定免法の登場

539 ~ 540

近世社会の統一者である豊臣秀吉は、その年の収穫を三つに分け、その二を領主が、その一を農民が取るようにと年貢徴収の規準を示している。徳川家康もこれを受けついだと見られ、かれのいう〝百姓を生かさぬよう、殺さぬよう〟、ぎりぎりいっぱいの線まで年貢を取ると、率にして七公三民よりちょっと強い線であったと考えられる。ところが時代がさがるにつれて、段々とこの率がさがり、新井白石が政治をみるようになった正徳の初年(正徳元年は一七一一)ころには、僅かに二割八分九厘にまでなっていたといわれる(『折たく柴の記』)。

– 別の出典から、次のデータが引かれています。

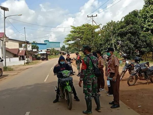 Ketapang – Guna menekan angka penularan Covid-19 diwilayah Jajaran Kodim 1203/Ktp, upaya dan langkah-langkah terus digencarkan oleh anggota Koramil 1203-05/Sei Laur.

 その原因を新井白石は、代官たちが検見をするとき、農民から賄賂(わいろ)をとって年貢をまけてやった結果だと考え、一時廃官になっていた勘定吟味役(会計監査官のような役)を、正徳二年に再設するとともに、さらに検見のなかで一番不正の入る余地の多い、代官所手代による小検見を、正徳三年に廃止したりして、不正による年貢収入の減少を防止することに努力した結果、正徳三年には、幕府の年貢収入は前年より米にして四三万三四〇〇俵ふえたと書記している(『折たく柴の記』)。いちおう参考までに下蛇窪村の場合を、正徳元年・二年・三年についてみると、つぎの表のようになる。取米は田にかかる税、取永は畑にかかる税であるが、この間田の方でかなりいちじるしい増加が見られる。

第29表 下蛇窪村正徳年間取米取永表
取米 取永
正徳元 一四石〇二〇 三四貫九五五
正徳二 一六・三三五 三六・二一九
正徳三 一九・三五二 三六・九三九

 

 幕府の年貢収納率の低下の原因を、代官および代官所役人たちの、検見時の収賄の結果と考えたのは、新井白石のみではない。幕府の首脳部の多くはそう考えていたようで、紀州から入って八代将軍になった吉宗も同様で、幕府財政の建て直しのため、総代官の勤務評定をし、成績が悪かったり、不正のあった者は、切腹をはじめ、思い切った処分をするが、結局「年貢の取りかたは、検見取法が理想ではあるが、これを厳正におこなえるほどりっぱな代官が、そう居るわけではない。不正役人を黙視するよりは、次善の策だが定免法をとることにする」というので、享保七年(一七二二)から、できるところから定免法に切りかえることにふみ切っている。